EXTRACTED MATERIAL: Begin
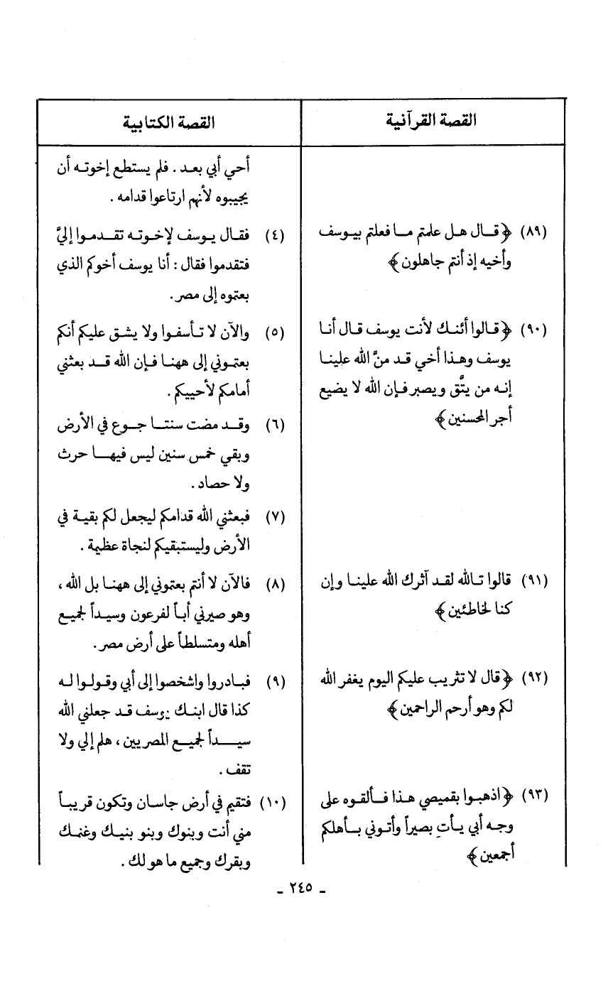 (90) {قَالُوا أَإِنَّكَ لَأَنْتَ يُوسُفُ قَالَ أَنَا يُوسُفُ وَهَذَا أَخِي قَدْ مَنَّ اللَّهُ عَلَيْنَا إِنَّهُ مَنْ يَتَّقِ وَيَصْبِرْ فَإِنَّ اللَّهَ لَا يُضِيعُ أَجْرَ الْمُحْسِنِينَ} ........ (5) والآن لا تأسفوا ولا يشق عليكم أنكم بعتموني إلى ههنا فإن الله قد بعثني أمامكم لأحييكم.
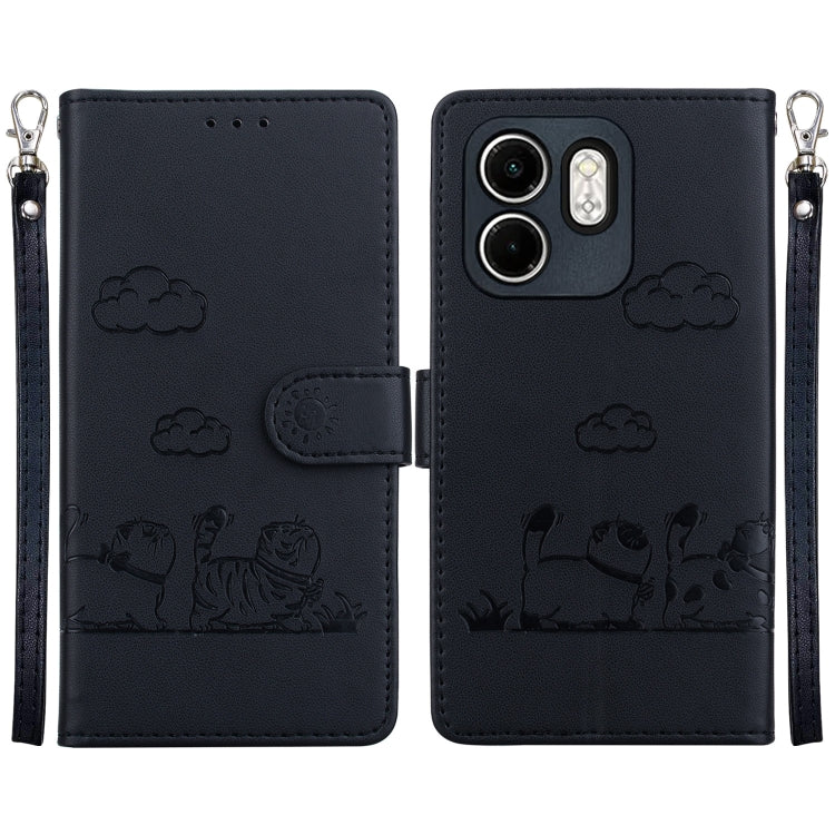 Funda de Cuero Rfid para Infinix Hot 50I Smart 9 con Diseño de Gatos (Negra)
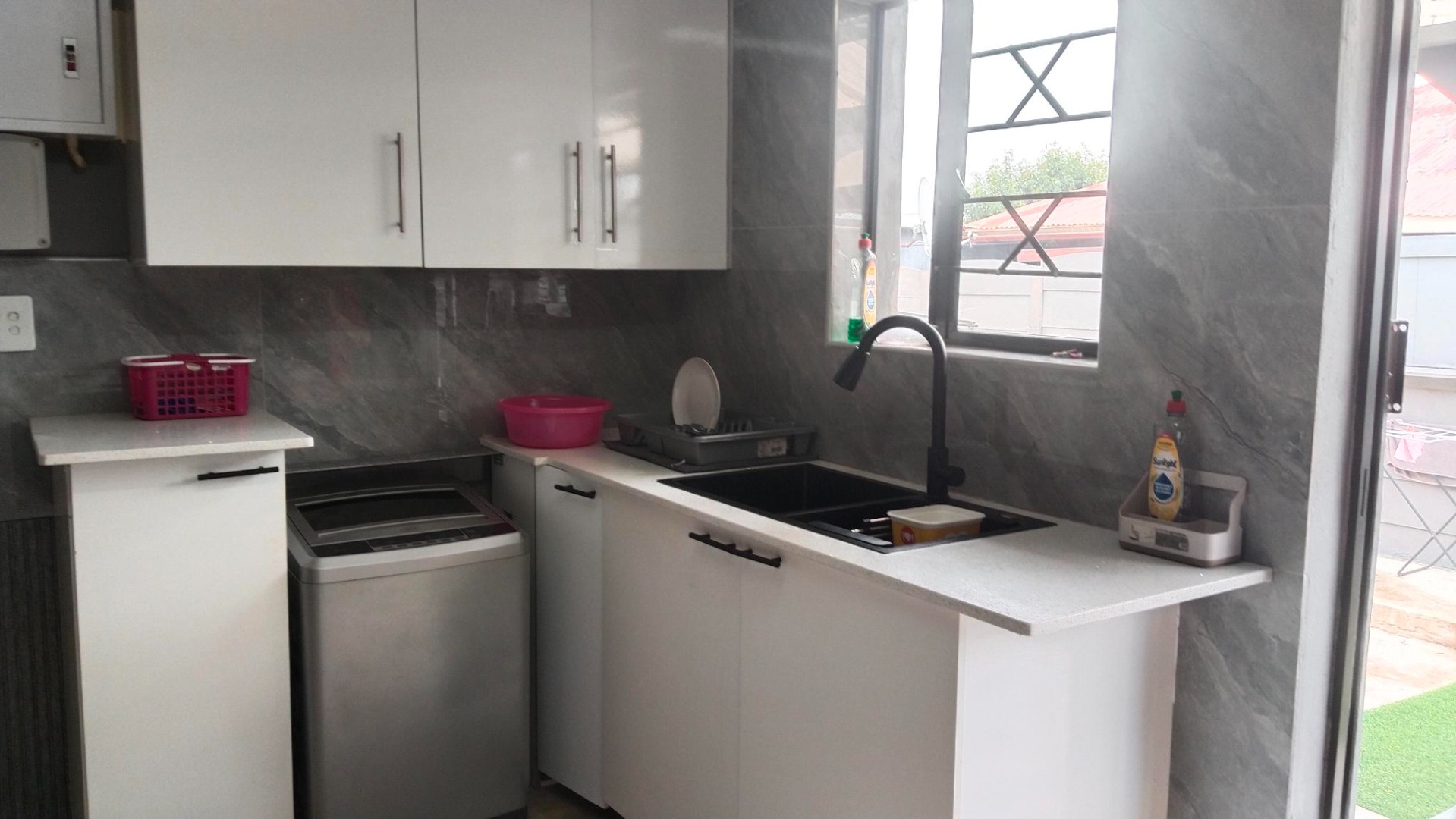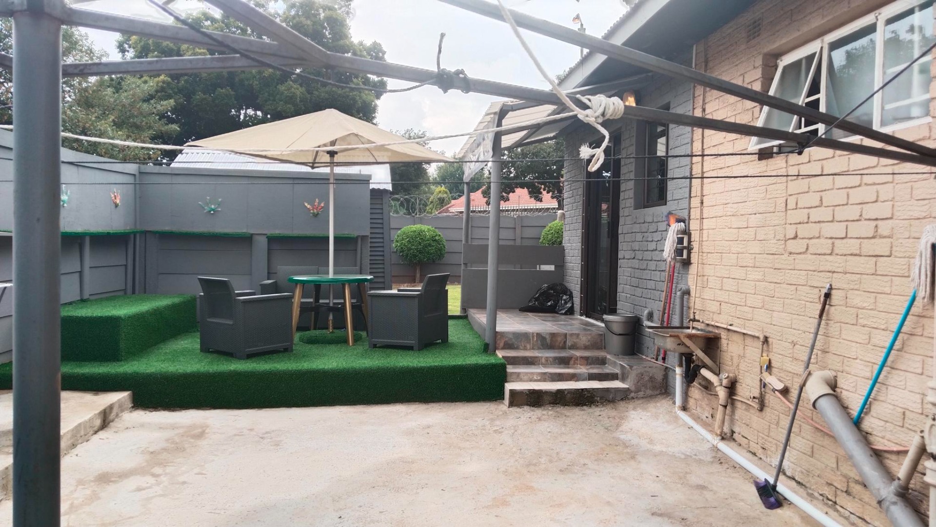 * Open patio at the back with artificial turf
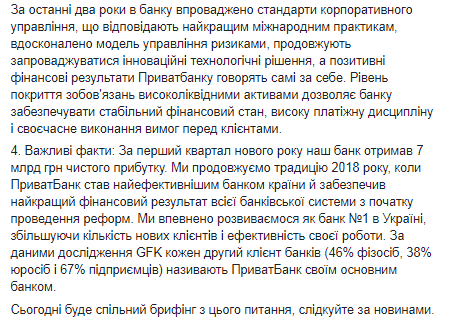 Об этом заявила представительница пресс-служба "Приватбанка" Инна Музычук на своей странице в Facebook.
EXTRACTED MATERIAL: End
EXTRACTED MATERIAL: Begin
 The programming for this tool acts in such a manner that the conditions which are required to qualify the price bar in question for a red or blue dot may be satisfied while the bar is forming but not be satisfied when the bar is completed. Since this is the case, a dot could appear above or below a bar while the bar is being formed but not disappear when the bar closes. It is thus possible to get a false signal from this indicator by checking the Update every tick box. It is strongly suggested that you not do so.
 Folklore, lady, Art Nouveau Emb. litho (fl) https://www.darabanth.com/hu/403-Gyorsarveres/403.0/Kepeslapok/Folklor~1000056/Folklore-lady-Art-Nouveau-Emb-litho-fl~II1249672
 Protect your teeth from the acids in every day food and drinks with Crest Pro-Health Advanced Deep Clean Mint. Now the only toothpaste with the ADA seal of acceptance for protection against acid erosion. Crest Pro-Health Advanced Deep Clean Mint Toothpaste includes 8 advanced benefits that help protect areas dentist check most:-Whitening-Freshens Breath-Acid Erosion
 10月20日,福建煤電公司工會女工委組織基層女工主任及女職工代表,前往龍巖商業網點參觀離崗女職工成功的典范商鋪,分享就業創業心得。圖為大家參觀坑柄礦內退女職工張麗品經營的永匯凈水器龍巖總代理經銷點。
EXTRACTED MATERIAL: End
EXTRACTED MATERIAL: Begin
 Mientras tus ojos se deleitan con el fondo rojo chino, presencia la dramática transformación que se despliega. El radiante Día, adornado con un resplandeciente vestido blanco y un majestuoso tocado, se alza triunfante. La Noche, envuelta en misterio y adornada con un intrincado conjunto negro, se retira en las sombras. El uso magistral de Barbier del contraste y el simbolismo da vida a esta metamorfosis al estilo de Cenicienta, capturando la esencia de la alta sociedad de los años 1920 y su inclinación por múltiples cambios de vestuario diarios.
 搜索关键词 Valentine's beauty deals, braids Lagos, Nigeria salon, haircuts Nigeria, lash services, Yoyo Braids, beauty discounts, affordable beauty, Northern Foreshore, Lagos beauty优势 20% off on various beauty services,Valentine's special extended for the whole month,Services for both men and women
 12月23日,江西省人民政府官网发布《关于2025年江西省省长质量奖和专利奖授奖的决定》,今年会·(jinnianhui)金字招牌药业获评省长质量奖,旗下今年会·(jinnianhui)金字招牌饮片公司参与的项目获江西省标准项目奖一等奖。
EXTRACTED MATERIAL: End
■ PROBLEM DETAILS: Among the entries above, copy exactly the stretch from the line holding "بعثني أمامكم لأحييكم." through the line holding "Об этом заявила", leaving out any pictures.

■ OUTPUT:
 (90) {قَالُوا أَإِنَّكَ لَأَنْتَ يُوسُفُ قَالَ أَنَا يُوسُفُ وَهَذَا أَخِي قَدْ مَنَّ اللَّهُ عَلَيْنَا إِنَّهُ مَنْ يَتَّقِ وَيَصْبِرْ فَإِنَّ اللَّهَ لَا يُضِيعُ أَجْرَ الْمُحْسِنِينَ} ........ (5) والآن لا تأسفوا ولا يشق عليكم أنكم بعتموني إلى ههنا فإن الله قد بعثني أمامكم لأحييكم.
 Funda de Cuero Rfid para Infinix Hot 50I Smart 9 con Diseño de Gatos (Negra)
 * Open patio at the back with artificial turf
 Об этом заявила представительница пресс-служба "Приватбанка" Инна Музычук на своей странице в Facebook.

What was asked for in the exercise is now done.